Il Consigliere IVASS, Riccardo Cesari, è intervenuto al convegno dedicato al New Insurance: “Re-imaging Insurance. Verso un ecosistema resiliente”.

Il convegno ha messo a fuoco le nuove possibilità di mercato nel settore assicurativo, nuovi rischi, nuovi prodotti, nuovi modelli di distribuzione.

Consigliere IVASS: Verso una nuova cultura assicurativa

Siamo in una fase di cambiamento, nota già da tempo, ma che l’attuale situazione economica e sanitaria ha accelerato.

Da un lato è venuta in primo piano, in Italia, la sottoassicurazione delle famiglie e delle imprese nel ramo Danni, riflesso, probabilmente, di una cultura attenta alla vita ma non alle cose e alla proprietà, sia essa pubblica o privata. Il rapporto Premi Danni / PIL nel 2018 e nel 2019 non raggiungeva la metà della media internazionale ed inoltre era in calo tendenziale dal 2.5% del 2006.

Dall’altro lato si è manifestata concretamente l’arretratezza del nostro Paese sulla strada della digitalizzazione, considerato che, nei confronti internazionali, siamo di gran lunga sotto la media e, per alcuni aspetti come il capitale umano e gli skill ICT, addirittura ultimi in Europa.

In questa prospettiva, sottolinea il consigliere IVASS Cesari, c’è possibilità di raddoppiare il business nel settore Danni, qualcosa come 40 miliardi di euro anni, e che la strada della digitalizzazione può essere la strada per raggiungere questo obiettivo.
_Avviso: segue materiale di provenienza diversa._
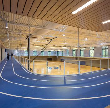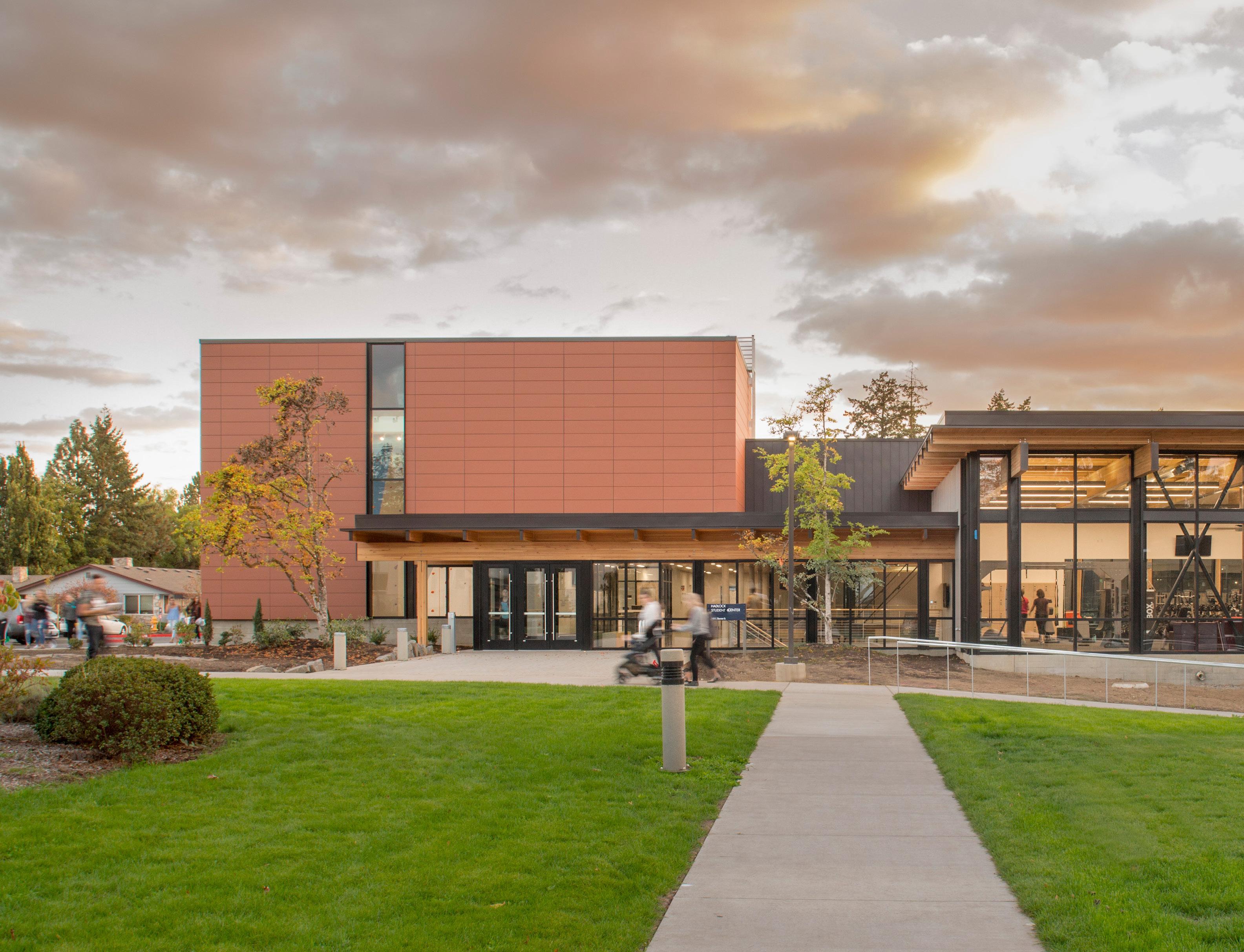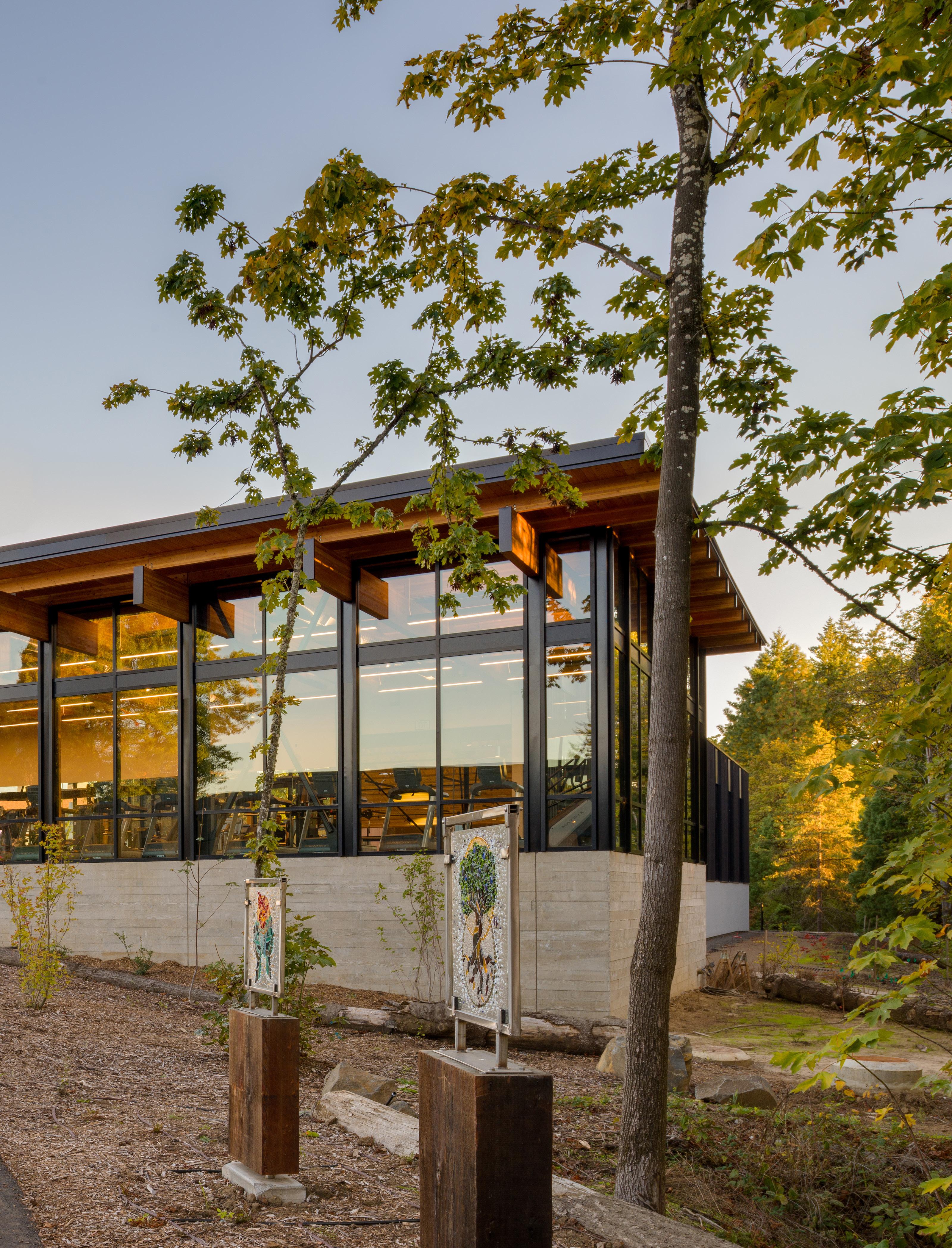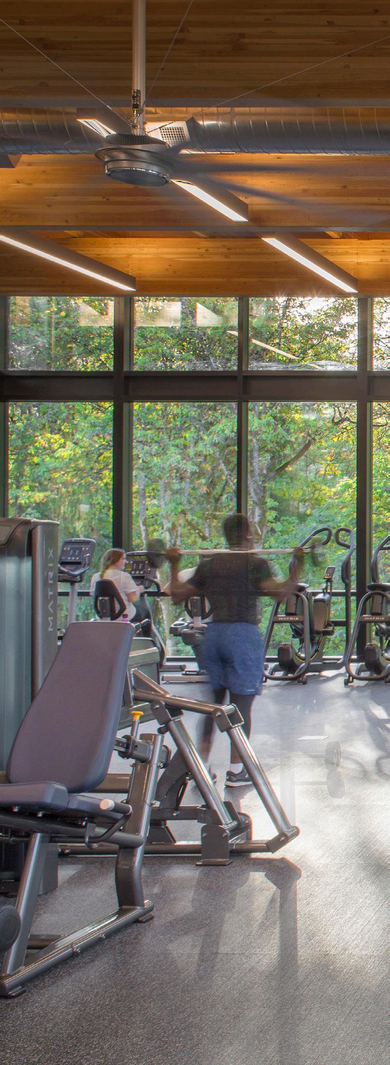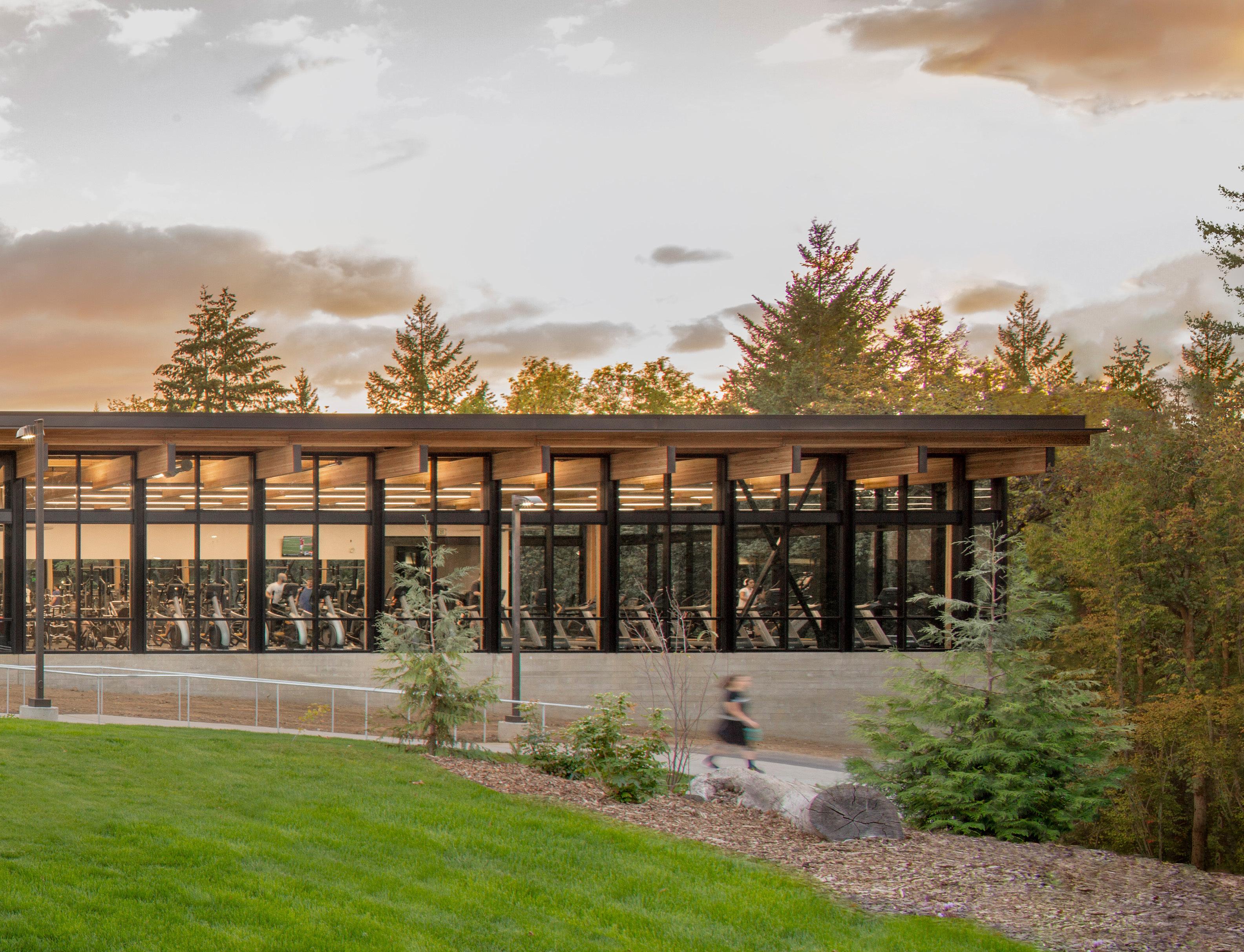 Description: This two-story recreation center for George Fox University houses three basketball/ volleyball courts, a running track, a fitness center, student office space and more. The student center alleviated demands on the school’s prexisting athletic facility, Wheeler Sports Center, providing space for intramural athletics as well as other large events like dances. The fitness center pavilion overlooks Hess Creek, providing soothing views into the forest. Other features include a rock climbing wall, two movement studios, a student lounge and 5,400 feet of office space for student government and clubs.

I nuovi prodotti innovativi del settore assicurativo

Il Consigliere IVASS, quindi, elenca tutta quella gamma di prodotti che, in base al loro osservatorio, stanno innovando il settore assicurativo:

  • L’area mobilità, che prevede soluzioni anche per le nuove forme di trasporto, con coperture flessibili nel tempo, nello spazio e nelle modalità di viaggio, incluse le varie forme di sharing e di trasporto su mezzi pubblici;
  • L’area salute, che affianca alle tradizionali coperture infortuni e malattia anche forme nuove con strumenti digitali di prevenzione e di interazione col cliente (chatbots etc.) e forme di assistenza domiciliare (medici, fisioterapisti, infermieri, badanti, baby e pet-sitter, consegne a domicilio di farmaci e generi alimentari);
  • L’area casa, che vede ampliamenti delle coperture fino a includere le catastrofi naturali (terremoto, alluvione) e i problemi di inagibilità;
  • L’area cyber, in crescita con la diffusione del lavoro agile (smart working) e con l’incremento esponenziale dei rischi informatici sotto i due profili del cybercrime e del rischio operativo. La gestione via internet di dati sensibili richiede, in particolare, la doppia copertura sia dal rischio attivo di violazione della privacy (GDPR) sia dal rischio passivo di danni per furto d’identità, reputazione e immagine aziendale. Le coperture proposte includono a volte anche i servizi di tutela digitale e di ingegneria reputazionale, che consentono di eliminare o deindicizzare i contenuti ritenuti lesivi e diffamatori;
  • L’area PMI, per effetto di una crescente consapevolezza di queste imprese verso l’esposizione ai rischi, inclusi i rischi da danni ambientali e l’assistenza ai clienti. Da notare che a seguito del Superbonus 110% per la riqualificazione energetica e sismica degli edifici, alcune compagnie si sono attivate per l’acquisizione del credito d’imposta generato dall’intervento.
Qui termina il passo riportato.